Drug – bio-affecting and body treating compositions – Whole live micro-organism – cell – or virus containing – Genetically modified micro-organism – cell – or virus
Reexamination Certificate
2001-06-27
2003-09-23
Tate, Christopher R. (Department: 1651)
Drug, bio-affecting and body treating compositions
Whole live micro-organism, cell, or virus containing
Genetically modified micro-organism, cell, or virus
C424S093100, C424S520000, C424S572000, C435S325000
Reexamination Certificate
active
06623733
ABSTRACT:
BACKGROUND OF THE INVENTION
1. Field of the Invention
The present invention involves a method of treating vascular disease through administration of an autologous angiogenic solution, and methods and devices for preparing such a solution.

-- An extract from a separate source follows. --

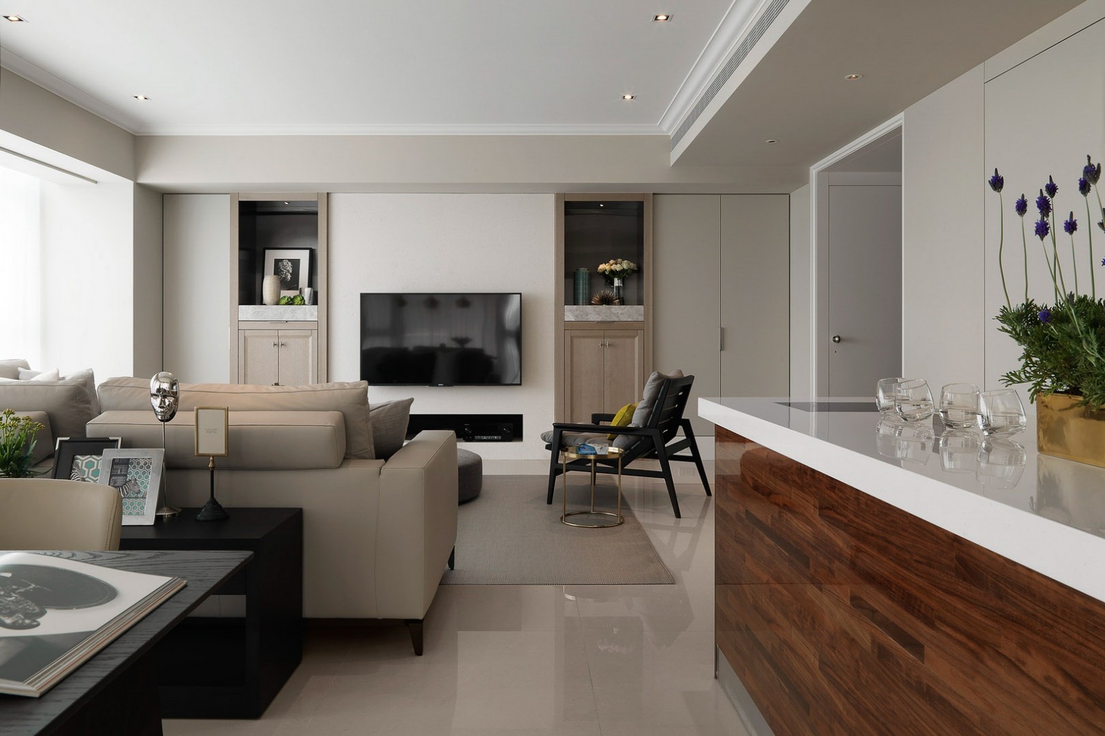 以含蓄的轴线回应传统,空间似断似连,相互渗透。厨房到餐厅,客厅到阳台……保持视线贯通,光线在空间里流转。各忙各的,
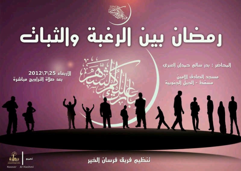 سَتنطَلق أَولى فَعالِيات فَريق فُرسان الخَير وهَو فَريق اجتماعي تَطوعِي، والفَعاليِة سَتكون مُحاضَرة بِعنوان" رَمضان بِين الرَغبةِ والثَبات"، يُلقِيها الشِيخ المُحاضَر بَدر بِن سالم العَبري، فِي مَسجد الصادِق الأَمين" مَسقط – الحِيل الجَنوبِية"، بِتارِيخ 25 يولِيو 2012 الموَافق الخامِس مِن شَهر رَمضان المُبارك.

2. Description of the Background
Localized hypoxia of tissue due to obstruction of the inflow of arterial blood (a form of vascular disease known as ischemia) leads to the secretion of chemicals from this tissue. These chemicals are often referred to as angiogenic factors. The secretion of angiogenic factors causes normally quiescent endothelial cells that line the blood vessels to become activated. The activated endothelial cells then release enzymes that degrade extracellular matrix barriers. Through proliferation and migration, the cells then form new vessels. The formation of new capillary blood vessels from a pre-existing vessel is known as “angiogenesis.”
In patients afflicted with diminished coronary blood flow, ischemia in the area of the heart known as the myocardium is called “myocardial ischemia.” Current research efforts for treating myocardial ischemia include injecting substances that promote angiogenesis into the myocardium of the patient. The therapeutic substances being investigated for such procedures include vascular endothelial cell growth factor (VEGF) and fibroblast growth factor (FGF). VEGF and/or FGF may be delivered to the myocardium by means of a catheter to the coronary arteries. Alternatively, the VEGF and/or FGF may be introduced through an open chest procedure.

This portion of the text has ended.